*THE DATA:*
^^^^

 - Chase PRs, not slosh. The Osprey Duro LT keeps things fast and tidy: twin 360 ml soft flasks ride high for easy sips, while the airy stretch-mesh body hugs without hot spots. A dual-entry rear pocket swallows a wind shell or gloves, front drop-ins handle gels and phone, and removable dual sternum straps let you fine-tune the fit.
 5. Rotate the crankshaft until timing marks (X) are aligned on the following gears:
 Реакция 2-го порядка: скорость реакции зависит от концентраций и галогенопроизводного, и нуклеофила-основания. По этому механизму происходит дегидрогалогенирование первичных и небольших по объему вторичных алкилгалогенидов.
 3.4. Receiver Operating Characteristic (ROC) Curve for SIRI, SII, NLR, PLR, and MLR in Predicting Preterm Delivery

^^^^

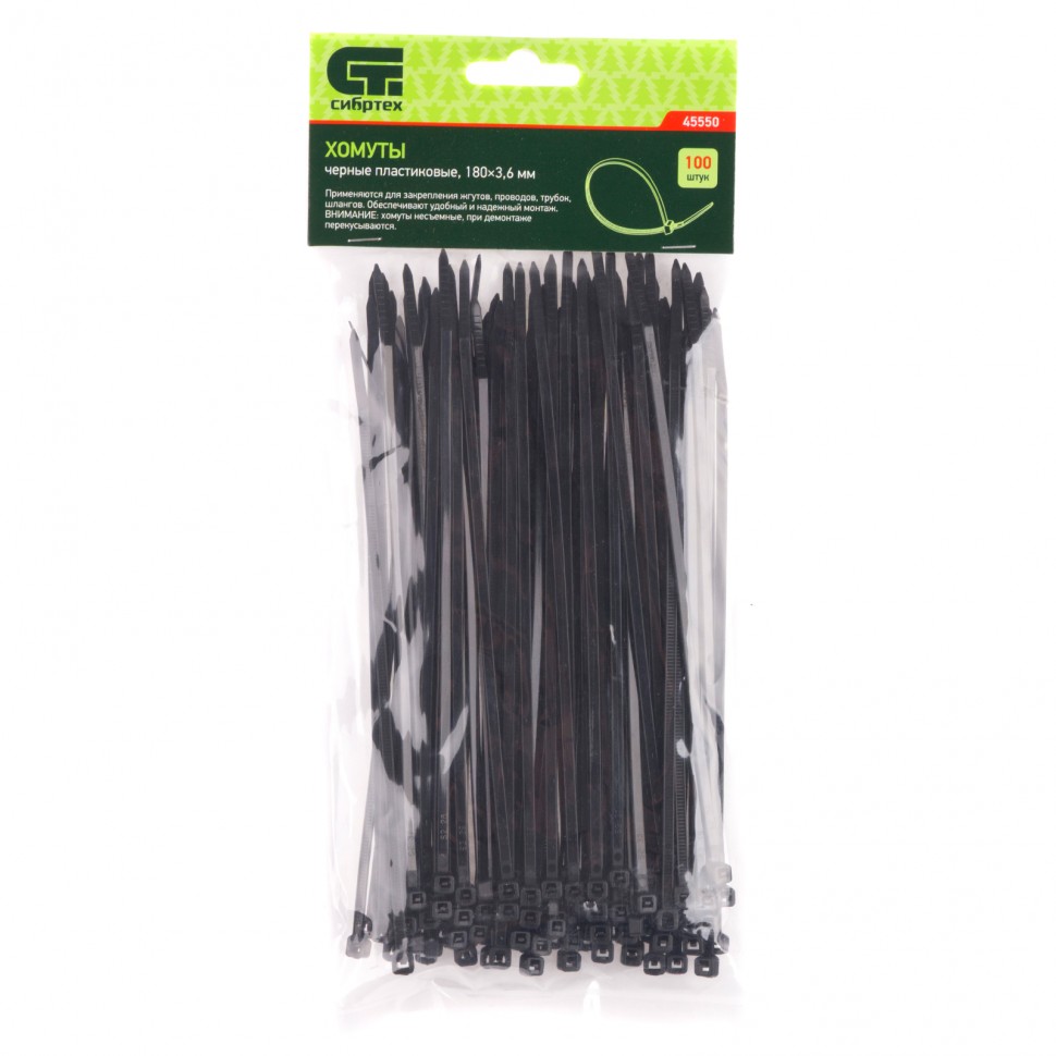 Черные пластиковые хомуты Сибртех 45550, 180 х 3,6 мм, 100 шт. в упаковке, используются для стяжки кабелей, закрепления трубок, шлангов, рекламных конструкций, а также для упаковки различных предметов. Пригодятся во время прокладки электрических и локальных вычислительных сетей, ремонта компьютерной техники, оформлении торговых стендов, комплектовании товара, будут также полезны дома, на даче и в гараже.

^^^^

*INSTRUCTIONS TO FOLLOW:* Beginning with the line containing "5. Rotate the" in the material above, copy every line exactly until you have copied the line containing "Реакция 2-го порядка: скорость".

*THE ANSWER:*
 5. Rotate the crankshaft until timing marks (X) are aligned on the following gears:
 Реакция 2-го порядка: скорость реакции зависит от концентраций и галогенопроизводного, и нуклеофила-основания. По этому механизму происходит дегидрогалогенирование первичных и небольших по объему вторичных алкилгалогенидов.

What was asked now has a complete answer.